Утром меня вызвали в келью к аббату. Пришел за мной брат Зенобий. Накануне он казался веселым мужчиной, любящим хорошо поесть и выпить, – просто пример монаха-чревоугодника из фиглярских стихов. Нынче же от него вчерашнего осталась едва лишь тень. Были у него мертвые стеклянные глаза и опущенные книзу уголки рта. Провел меня в келью аббата без единого слова.
Там стояли только каменное ложе без матраца, подушки либо одеяла и два низких табурета. Мы с Зенобием присели на них. Лицо у главы монастыря было бледным, будто он не спал всю ночь.
– Человек в моем возрасте частенько не в силах понять: его сны суть ниспосланные видения или всего лишь старческие мороки, рожденные в разуме, пребывающем между сном и бодрствованием, – сказал он и вздохнул.
Я молчал, ожидая, каковы будут его дальнейшие слова, хотя, сказать по правде, и боялся их.
– Но я осмелился считать, что сон, который я увидел прошлой ночью, не просто бессмысленный кошмар. Быть может, я совершил ошибку… – снова вздохнул он – на этот раз еще глубже, чем в прошлый раз.
Я все еще молчал.
– Ты должен уйти отсюда, Мордимер, – наконец решился он. – Тропа твоей жизни уводит прочь из Амшиласа. Но прежде брат Зенобий сделает так, чтобы ты мог выжить в мире, который нас ожидает.
– Конечно, отче. Исполню все, как должно, – отозвался монах. Голос его был чрезвычайно хмур – что, впрочем, гармонировало с его видом. – Хотя ты и знаешь, что гарантировать я ничего не смогу…
Я все еще ничего не понимал, но к подобному чувству уже успел привыкнуть. Потому лишь поддакнул, хотя на кончике языка крутился вопрос: «Если ты изгоняешь меня из Амшиласа, что мне с собой сделать?» Ведь, если я не мог укрыться здесь, будущее человека, обвиненного в убийстве императора и творении колдовства купно с отправлением ереси, рисовалось в темных тонах. Впрочем, «в темных» – это еще слабо сказано. Похоже, непросто было бы найти цвет, соответствовавший тому будущему.
– Увы, мне это известно, – сказал аббат, отвечая Зенобию. Потом взглянул на меня: – Мы соберем тебя в дорогу и благословим. Остальное будет зависеть от тебя самого.
– Спасибо, отче, – ответил я, поскольку – что ж другого было мне говорить?
Он кивнул.
– Однако прежде ты будешь посвящен в тайну, которая ведома лишь немногим из живущих в сей юдоли слез. Тайну, которую немногие знали до тебя – и немногие будут знать, когда тебя уже не станет. Ведь то, что тебе следует узнать о тайне Амшиласа, – тоже было в моем видении.

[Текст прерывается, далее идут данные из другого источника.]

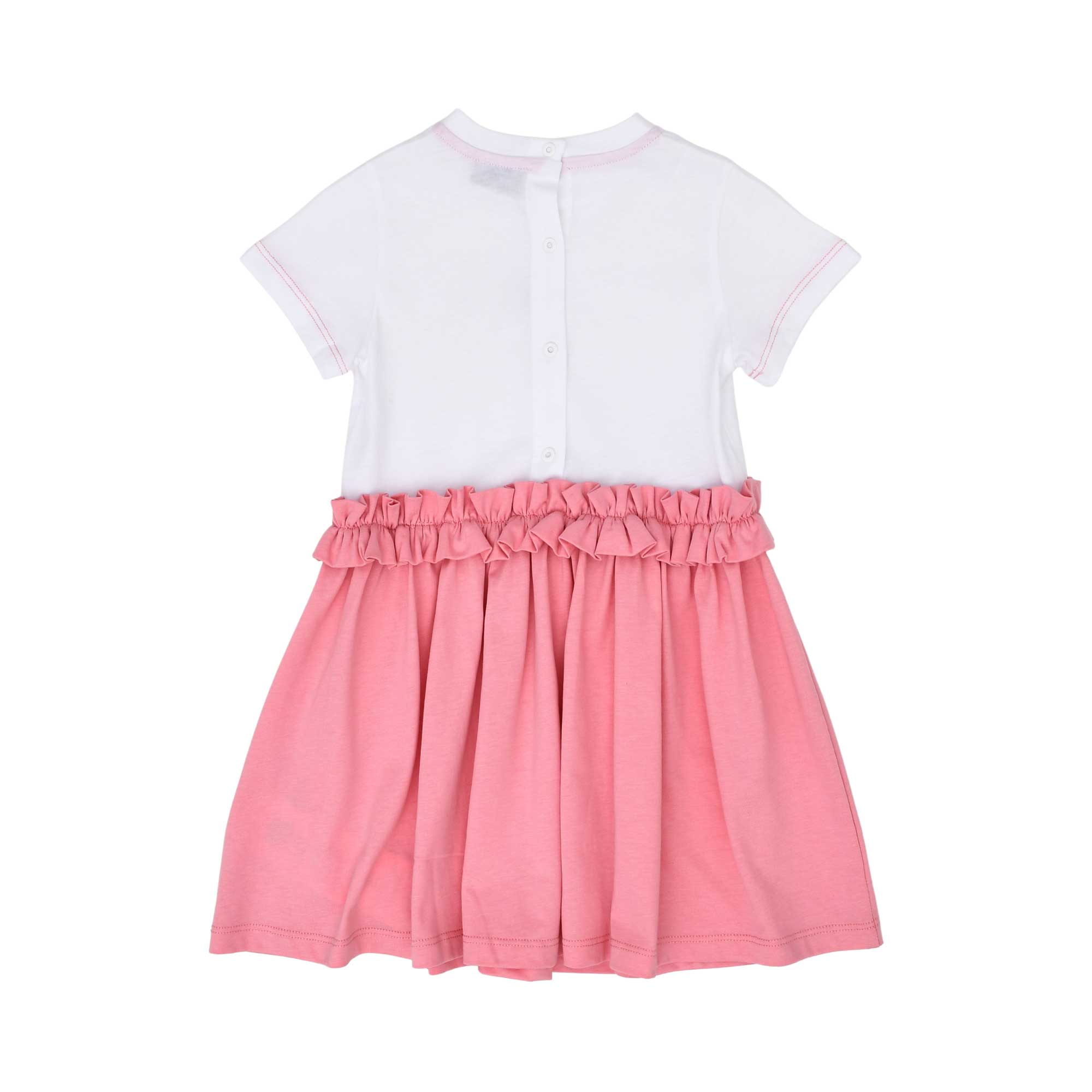 The Missoni Kids Baby Girl’s White and Pink Dress is a charming and playful piece designed with both comfort and style in mind. The dress features a short-sleeve white T-shirt bodice, beautifully accented by the iconic "MISSONI" logo printed across the chest in a colorful, patterned font that adds a touch of fun and brand recognition. Attached to the bodice, the skirt stands out in a vibrant pink hue, crafted with a gathered and ruffled elasticated waistline that offers a gentle fit while creating a lovely, full silhouette. Designed for ease, the dress includes convenient snap buttons at the back of the neck, making dressing simple and fuss-free for parents and little ones alike. With a relaxed fit and a bright, joyful aesthetic, this dress is perfect for warm-weather outings or everyday play.

Я похолодел. Покинуть безопасный Амшилас и двинуться в путь, где меня станут преследовать, будто бешеного пса (весь остаток моей короткой жизни), – это было ударом. Но тот факт, что я стану еще и отягощен знанием о монастырских секретах, было ударом вдвойне, поскольку позволяло подозревать, что жизнь моя окажется не только коротка, но и закончится весьма болезненным способом. И подумать лишь: бедолага Мордимер никогда ничего не желал более того, чтобы сильные мира сего не обращали на него внимания! Отчего людям не удается исполнить даже столь простые мечтания?